Question

How to graph a parabola $y = {x^2} - 4x - 5$?

Answer 1

In order graph the parabola to the above quadratic equation ,first identity the nature of roots of the equation by finding the value of determinant using formula $D = {b^2} - 4ac$.D>0 means the both the roots are distinct and real .
These roots are nothing but the points of x-intercept at which the parabola touches the x-axis. To determine the roots use the quadratic formula .
Then they find out the vertex by using x coordinate as$x = - \dfrac{b}{{2a}}$and at the end determine is there a y- intercept or not by putting $x = 0$in the equation. Graph all these coordinates to get your desired graph of the parabola.

Complete step by step solution:
We are given a quadratic equation $y = {x^2} - 4x - 5$
The equation is quadratic in terms of variable $x$,so the graph will be an Upward opening parabola.
Comparing the equation with the standard quadratic equation$a{x^2} + bx + c$,we get
$a = 1 \\\ b = - 4 \\\ c = - 5 \\\$
To graph this quadratic, we have to first find the nature of roots of the equation .For this we will calculate the determinant(D)
$D = {b^2} - 4ac \\\ = {( - 4)^2} - 4(1)( - 5) \\\ = 16 + 20 \\\ = 36 \\\$
Since $D > 0$,the quadratic equation is having both roots as distinct real.
By this we can say that the graph of parabola will have two x-intercept .
For points of intercept ,we will find the solution to the quadratic equation.
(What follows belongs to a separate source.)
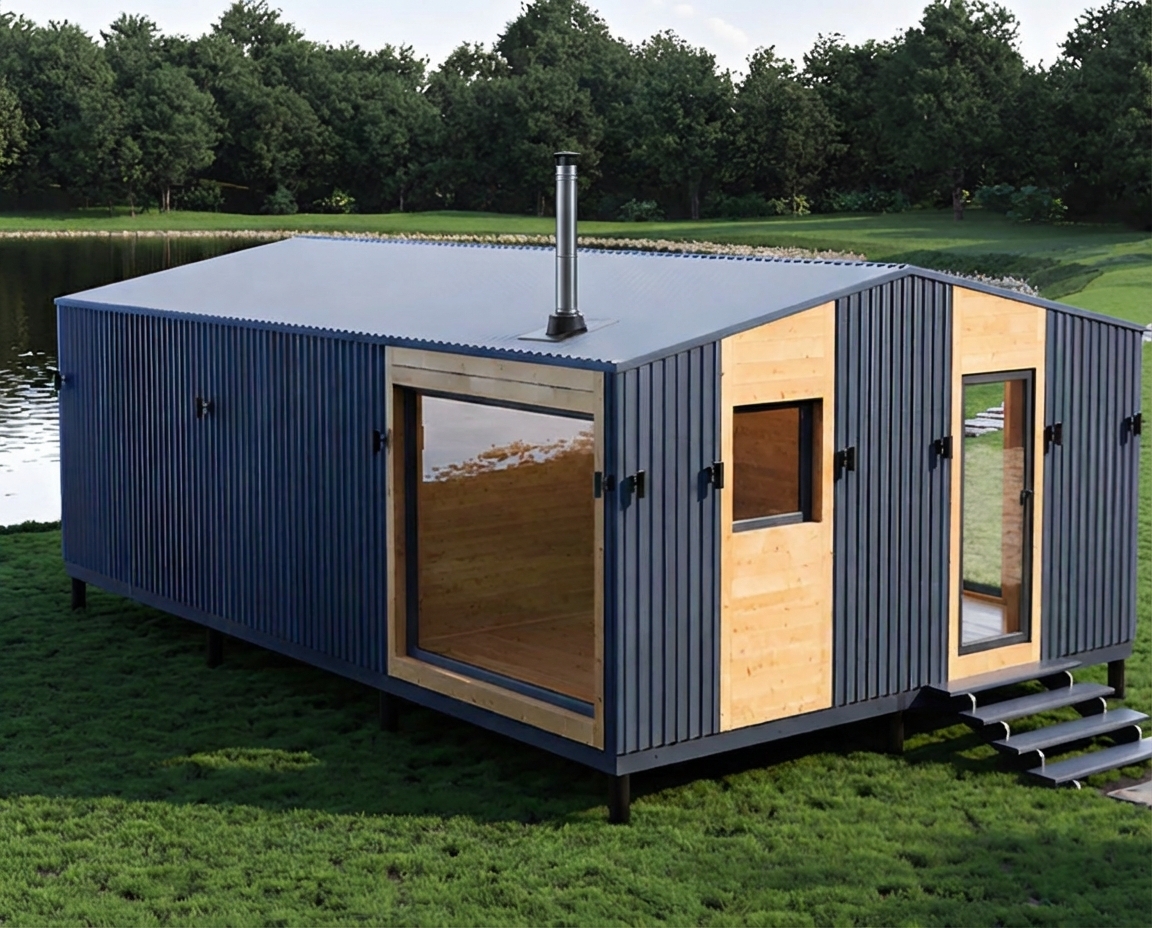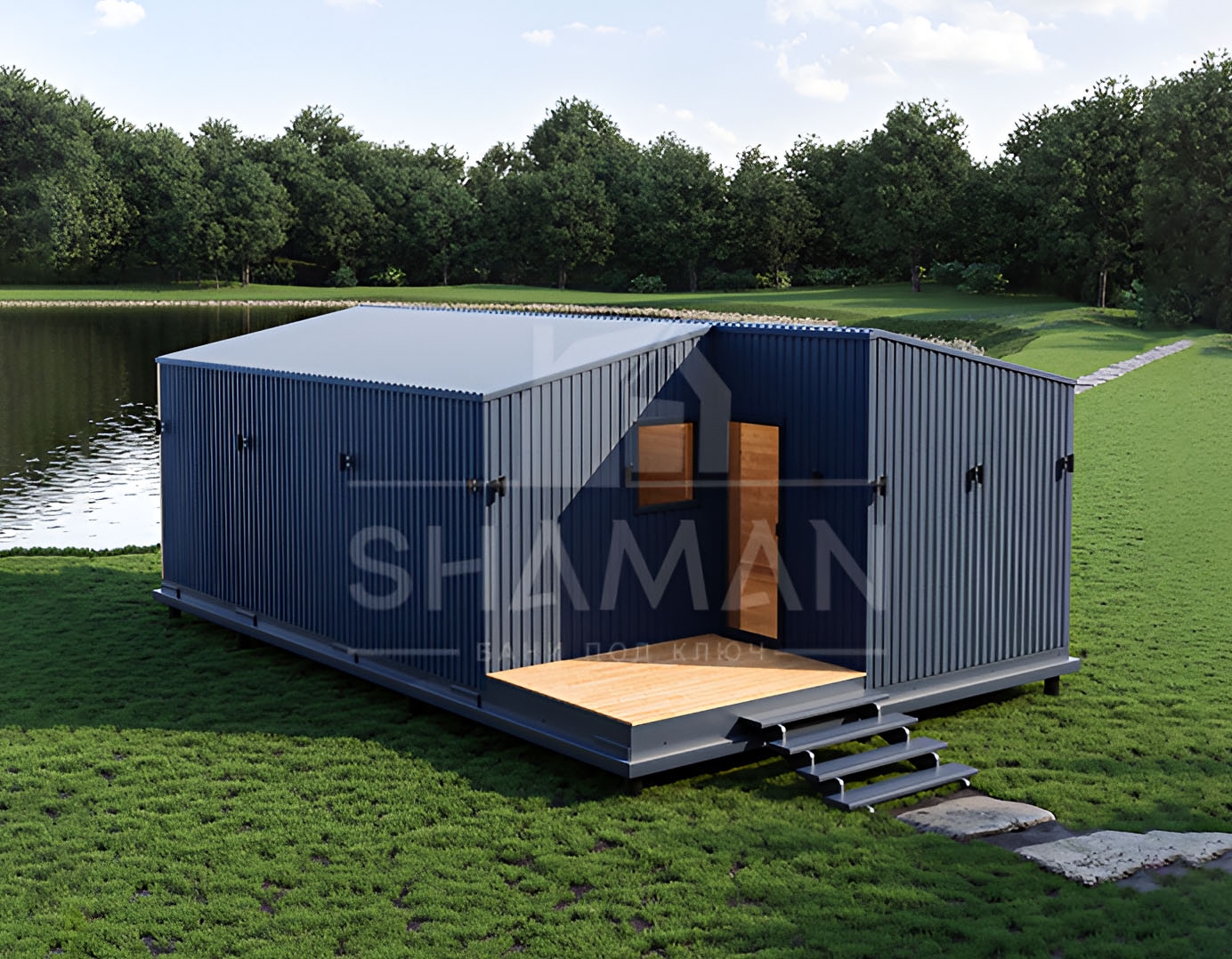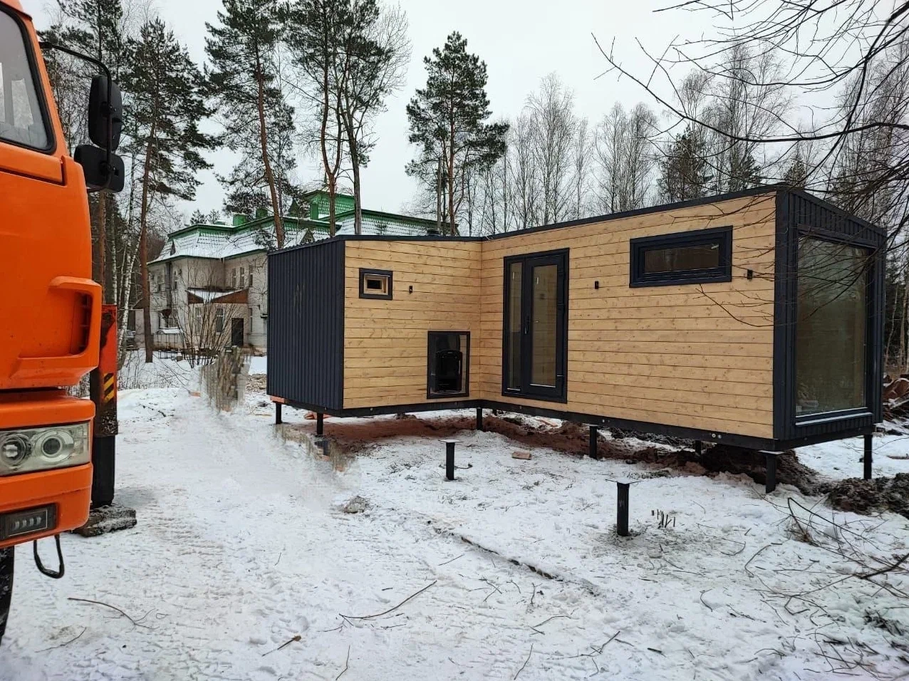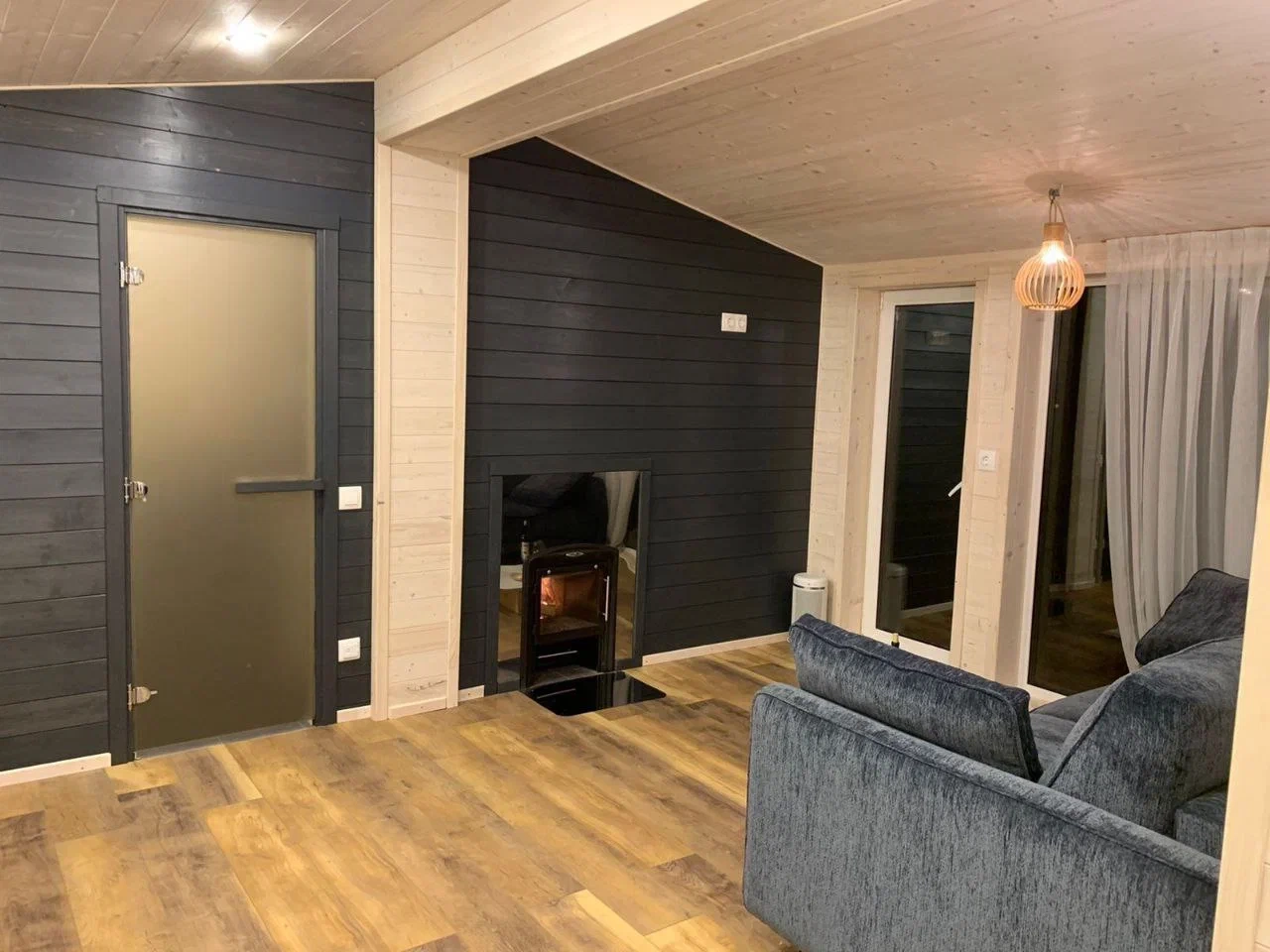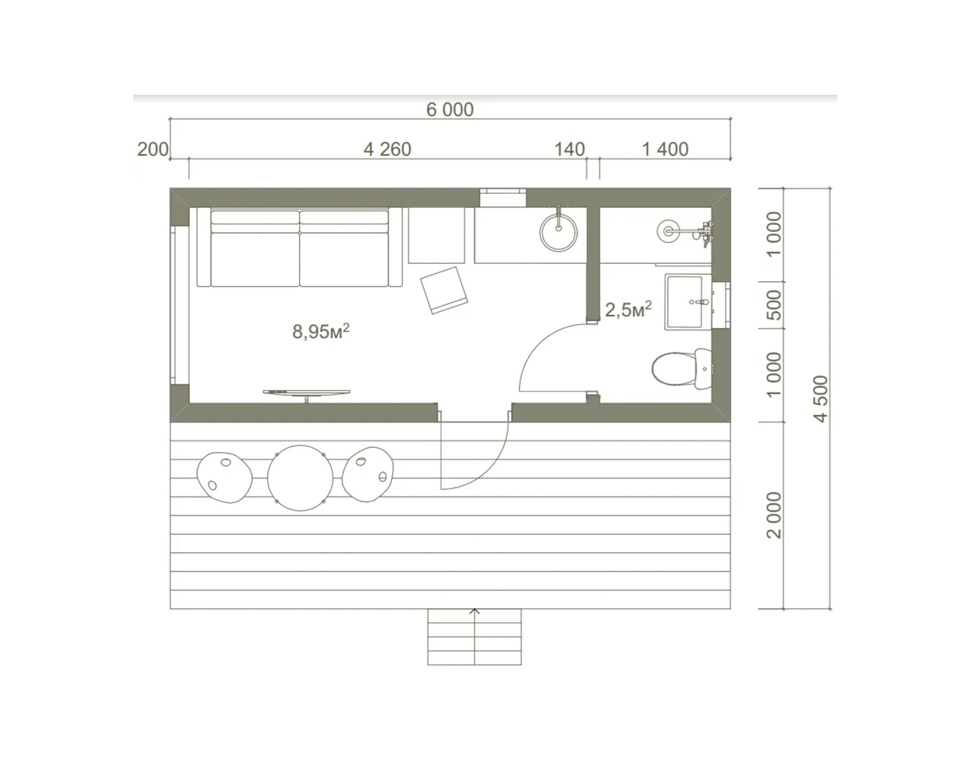проливной пол из лиственницы, торшерные светильники, стеклянная дверь, печь, бак для нагрева горячей воды на 50л, дымоход – сэндвич труба, камни для печи.

Let the roots of the equation be $x1\,and\,x2$
$x1 = \dfrac{{ - b + \sqrt D }}{{2a}} \\\ = \dfrac{{ - ( - 4) + \sqrt {36} }}{{2.(1)}} \\\ = \dfrac{{4 + 6}}{{2.(1)}} \\\ = \dfrac{{10}}{2} \\\ = 5 \\\$
and
$x2 = \dfrac{{ - b - \sqrt {{b^2} - 4ac} }}{{2a}} \\\ = \dfrac{{ - ( - 4) - \sqrt {36} }}{{2.(1)}} \\\ = \dfrac{{4 - 6}}{{2.(1)}} \\\ = \dfrac{{ - 2}}{2} \\\ = - 1 \\\$
Hence, the points $(0,5)$and $\left( {0, - 1} \right)$both the x-intercept of the graph
Now finding the x-coordinate of the vertex(V)
$x = - \dfrac{b}{{2a}} \\\ = - \dfrac{{( - 4)}}{{2.1}} \\\ = \dfrac{4}{2} \\\ = 2 \\\$
Now putting $x = 2$in the original equation to determine the y-coordinate of the vertex(V)
$y = {2^2} - 4.2 - 5 \\\ = 4 - 8 - 5 \\\ = - 9 \\\$
Therefore the vertex of the parabola will be at $(2, - 9)$.
We can have a look at is there any y-intercept of the graph .So, to find this put$x = 0$into the equation, we get
$
y = {x^2} - 4x - 5 \\

= {0^2} - 4.0 - 5 \\
= - 5 \\
$So, y-intercept also exists at$(0, - 5)$. Therefore, the parabola to the equation$y = {x^2} - 4x - 5$will be,

Hence, we have successfully plotted the parabola of the equation$y = {x^2} - 4x - 5$.

Alternative:
You can also alternatively use a direct method which uses Quadratic Formula to find both roots of a quadratic equation as

$x1 = \dfrac{{ - b + \sqrt {{b^2} - 4ac} }}{{2a}}$ and $x2 = \dfrac{{ - b - \sqrt {{b^2} - 4ac} }}{{2a}}$
x1,x2 are root to quadratic equation $a{x^2} + bx + c$

Hence the factors will be $(x - x1)\,and\,(x - x2)\,$.

Additional Information:
Quadratic Equation: A quadratic equation is a equation which can be represented in the form of $a{x^2} + bx + c$where $x$is the unknown variable and a,b,c are the numbers known where $a \ne 0$.If $a = 0$then the equation will become a linear equation and will no longer be quadratic .

The degree of the quadratic equation is of the order 2.

Every Quadratic equation has 2 roots.

Discriminant: $D = {b^2} - 4ac$

Using Discriminant, we can find out the nature of the roots
If D is equal to zero, then both of the roots will be the same and real.
If D is a positive number then, both of the roots are real solutions.
If D is a negative number, then the root are the pair of complex solutions

Note: 1. One must be careful while calculating the answer as calculation error may come.

2.Don’t forget to compare the given quadratic equation with the standard one every time.

3.Draw the cartesian plane only with the help of a straight ruler and pencil to get the perfect and accurate results.